A NOITE E OS DIAS DE MIGUEL BURNIER (2026) – MENTE VAZIA É OFICINA DA GERDAU
Pude acompanhar A Noite e os Dias de Miguel Burnier (2026) no dia 09 de junho de 2026, como parte da Competitiva Brasileira do 15º Olhar de Cinema. O documentário acompanha os bucólicos dias na pequena cidade de Miguel Burnier, em Minas Gerais. A cidade se tornou um apêndice da mineradora Gerdau e, nas últimas duas décadas, viu quase toda sua população abandonar a região, restando em torno de oitenta cidadãos.
O objetivo do documentário observativo é acompanhar o que os personagens podem apresentar em tal cenário. E uma cena comum são as interações sociais, começamos com um churrasco em uma festa de aniversário, onde o fogo não pega direito e comentam a vinda de uma tempestade. Ou em outro momento, quando dançam forró a três, a vida segue viva.

Na beira do caminho, há pedaços de topázio aos montes pela estrada. A riqueza natural se configura em pobreza material. A população nem trabalha na Gerdau, esnobe, não gera as oportunidades de trabalho tão anunciadas. Associação de moradores, quando reunida, admite que precisam “tirar conclusões das intenções da empresa nas entrelinhas”, quando outra moradora completa com “sinto minha vida ficar parada aqui”.

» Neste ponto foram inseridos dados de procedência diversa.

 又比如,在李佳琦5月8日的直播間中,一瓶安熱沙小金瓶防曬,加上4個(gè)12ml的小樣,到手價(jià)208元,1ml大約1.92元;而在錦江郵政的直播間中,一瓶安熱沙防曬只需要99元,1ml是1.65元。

Ao horizonte, máquinas de mineração como esqueletos, que devoram a terra para o capital sem nunca engordar. Entre os túmulos, ruínas e memórias do cemitério, apenas os nomes e datas de falecimento ditas em voz alta aproximam algum sentido de passado para um cenário desolado, desprovido de sentido, de visitas, vida que chora pela morte. E a Gerdau sempre aparece ao horizonte, resumindo o mundo até onde a vista alcança, uma lembrança constante do porquê lembranças são tudo que resta para os moradores.

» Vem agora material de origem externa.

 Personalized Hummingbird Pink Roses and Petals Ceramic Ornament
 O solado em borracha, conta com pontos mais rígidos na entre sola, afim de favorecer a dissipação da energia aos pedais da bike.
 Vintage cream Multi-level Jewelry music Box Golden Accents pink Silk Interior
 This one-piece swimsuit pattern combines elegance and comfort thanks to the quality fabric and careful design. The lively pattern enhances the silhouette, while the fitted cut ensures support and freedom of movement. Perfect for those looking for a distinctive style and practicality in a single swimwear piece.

A memória histórica é revivida pelos estudantes da escola local. As poucas crianças e adolescentes narram a história institucional da cidade, até a Gerdau tornar o presente sem futuro. Montam uma maquete da igreja com caixas de leite e outros materiais. Quando vemos a igreja referenciada, ao fundo, uma enorme máquina de mineração apequena o templo. Substituído, o deus da fé foi substituído pelo deus do capital, ambas promessas que não precisam entregar nada.
Durante uma prosa e pesca na lagoa, a senhora diz: “Fico preocupada que um dia tudo vai acabar, que vão destruir a criação de Deus”. Reclamam que tornaram a lagoa propriedade deles, mas que a lagoa é “nossa”.

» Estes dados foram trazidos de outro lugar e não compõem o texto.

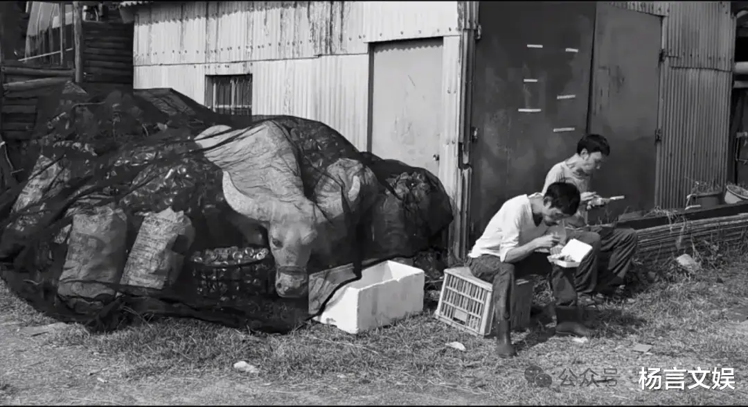 这种色彩政治学在工厂流水线的场景达到极致:流水线上机械臂喷绘佛像金身的镜头,与肚财在垃圾场分拣废品的场景交替闪现。金色颜料在机械程序里精准覆盖泥胎的过程,恰似金钱与权力对人性本质的系统性覆盖。当大佛完成最后一道工序时,流水线工人褪去工装重回黑白世界,完成了阶层身份的再次确认。

A mediação entre população sem expertise e mineradora é estabelecida pelo mineiro autônomo e sua rotina diária de oito horas de peneira manual, finalizada somente após lavar cinquenta carrinhos de cascalho. Após um dia de bons frutos, termina o expediente mais cedo: “trabalhei, deu bastante, tô bem assim”, e o seu colega que observa tudo conta que cresceu em Miguel Burnier a vida toda e não sabe fazer aquele trabalho. O trabalho não é um dom natural, é uma adaptação à realidade.
Mais memórias, as fotos antigas de carnaval de 2010, com uma população vibrando e curtindo como se fosse aqui ou em qualquer outro lugar do Brasil. As imagens com glitter, roupas coloridas, remetem ao passado que o casal conversa no balcão da antiga casa. Pensam em vender o conjunto de três casas meio abandonadas. Ele chora de saudades da antiga casa, onde conversavam por horas e era cheia de gente. Encontra um chapéu e ganha dela. Presentes do passado, pois o futuro não existe e o presente só tira.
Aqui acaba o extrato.